19.02.2026
Nigeria: Das Morden geht weiter
IIRF-D/BA/Tübingen/19.02.26 - Mehr als 30 Menschen wurden im nigerianischen Bundesstaat Benue getötet, als islamistische Terroristen drei Tage lang Gewalt gegen christliche Gemeinden ausübten.
Die Morde sind nur das jüngste Massaker in einer Reihe von Gewalttaten (wir berichteten), die nigerianische Kirchenführer als „Völkermord“ an nigerianischen Christen bezeichnen.

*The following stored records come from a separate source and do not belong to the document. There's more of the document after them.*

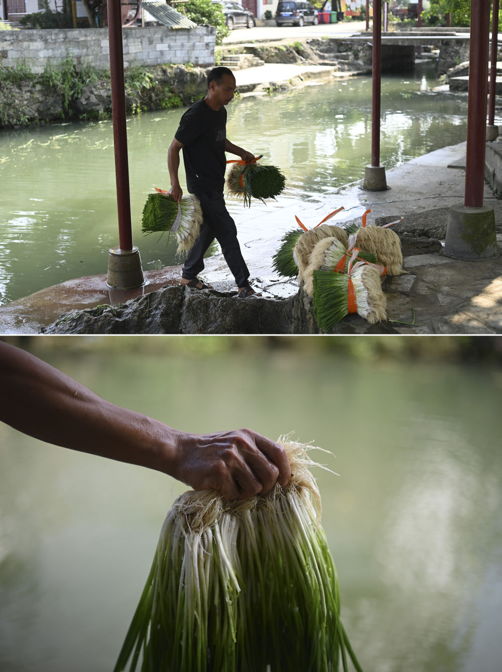 在廣西柳州市柳江區(qū)三都鎮(zhèn)覺山村,村民韋文中搬運香蔥,準(zhǔn)備供應(yīng)市場(4月16日攝)。香蔥種植產(chǎn)業(yè)是覺山村村民增收致富的支柱產(chǎn)業(yè),韋文中種植10多畝香蔥。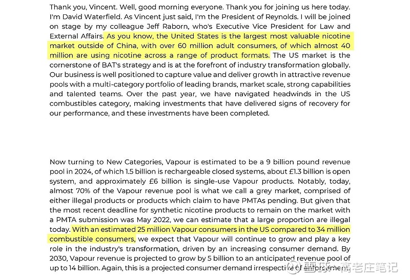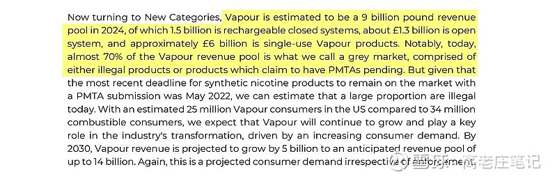 小结:2024年BAT在美销售约10亿英镑。BAT的CEO认为,随着市场监管进一步加强,BAT有很多手段去支持获得20亿英镑(60/3=20)的市场规模。第二,BAT已经提交了带有年龄验证功能的雾化产品PMTA,FDA很想加速推动。不过还得看FDA最后的行动。第三,带有年龄验证功能通过PMTA,意味着特征口味也可过审。所以BAT的CEO认为,年龄验证功能通过PMTA,且监管进一步加强,BAT可以获得60亿英镑市场规模中更大一部分。
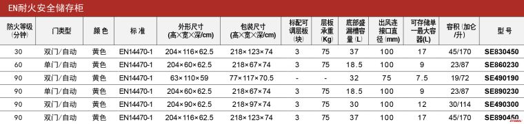1.柜体采用高强度的钢板制作,表面静电喷涂耐腐蚀的橘纹塑粉;柜体隔层内为多层防火隔热材料,以达到防火的目的。 2.正常使用时,柜门可手动打开或关闭,柜门带有阻尼器,调节开关门力的大小;当环境温度达到122℉(50℃),内置的熔丝会断开,敞 开的柜门会自动关闭,以保护柜内物品。 3.当环境温度达到158℉(70℃),通风系统中的通风孔挡板会自动关闭;通风系统可外接排气管道或者空气过滤器。 4.在火灾发生时,门缝及所有连接处备有的特殊感热材料会自动膨胀填满缝隙,以保证柜体内部处于密封状态。 5.每扇门上有独立的圆柱锁;门上的反光警告标签符合ISO 3864规定,在低能见度及电筒照射下都十分醒目。 6.可拆卸的底部盛漏槽,与带孔的嵌件配合使用,即可盛接柜内的漏液,又可避免孔嵌件上的物品浸泡在漏夜中。 7.标配3块可调钢制层板,每隔可调间距32mm,层板承重能力为75KG。层板翻边高30mm,可防止小型容器意外滑落。 8.柜体底部设有可调的调平支脚,即使在不平整表面也能使柜体保持平衡。 9.设有静电接地传导端口,方便连接静电接地导线。 10.所有耐火柜符合EN、OSHA和NFPA30标准;其中SE860230、SE830450和SE890450通过TÜV独立耐火测试并获得TÜV认证。 11.可选配专用挂锁,实现双人双锁管理,符合中国《危险化学品安全管理条例》的规定。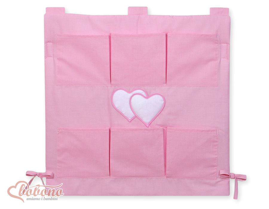 Kinderbett Tasche - Hängende Herzen rosa Betttasche mit 6 praktischen Aufbewahrungstaschen für Spielzeug, Windeln, Feuchttücher, Schnuller. Das Kuscheltier finden hier auch Platz.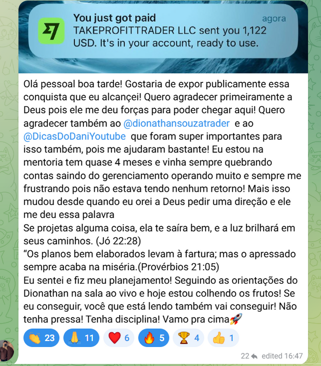 Hoje, é mentor de centenas de traders aprovados em mesas proprietárias, com mais de 30 contas aprovadas e 20 saques realizados.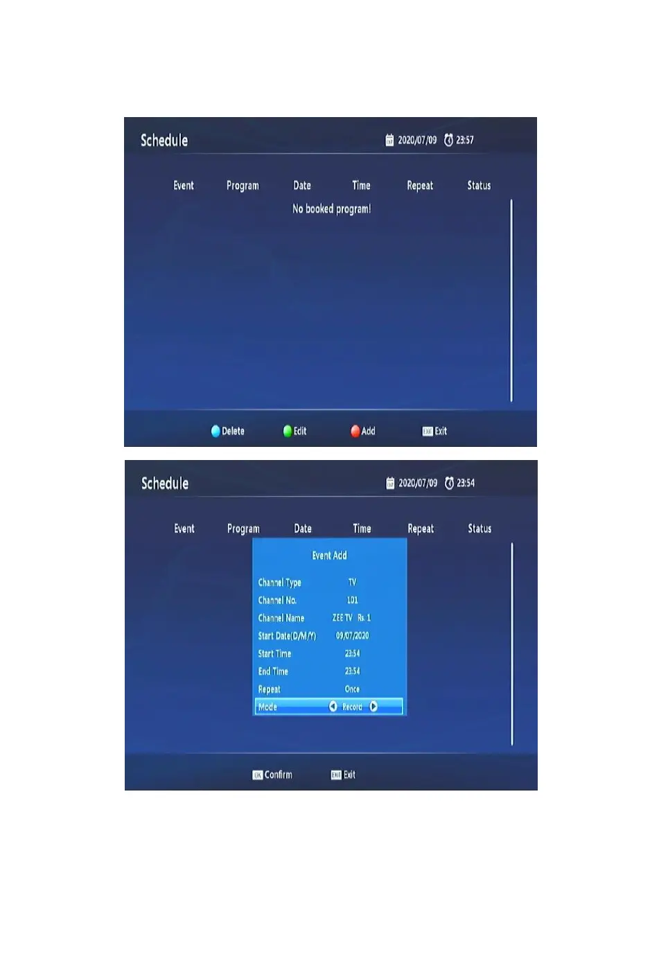 Press “EPG” from Remote to invoke guide. Press Yellow color button from remote to record/set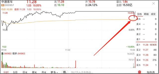 值得一提的是,近期涨幅高达170%的“妖王”中通客车,股价在尾盘跳水后迅速拉回,实现10连板。

Barnabas Aid schätzt, dass seit 2009 mindestens 45.000 Christen im Norden und im Middle Belt Nigerias von Islamisten getötet wurden.
Die meisten Todesfälle ereigneten sich im Verwaltungsbezirk Kwande (LGA), beginnend am 3. Februar auf dem Markt von Abande, wo sechzehn Zivilisten und ein Polizist, Isaac Madu, von Terroristen erschossen wurden.
Weitere 13 Menschen wurden nur drei Tage später im Dorf Anwase getötet.
Am selben Tag töteten Fulani-Milizen zwei Bewohner der Gemeinde Akpete im Verwaltungsbezirk Apa, Matthew Ochanga und Isaac Adanu.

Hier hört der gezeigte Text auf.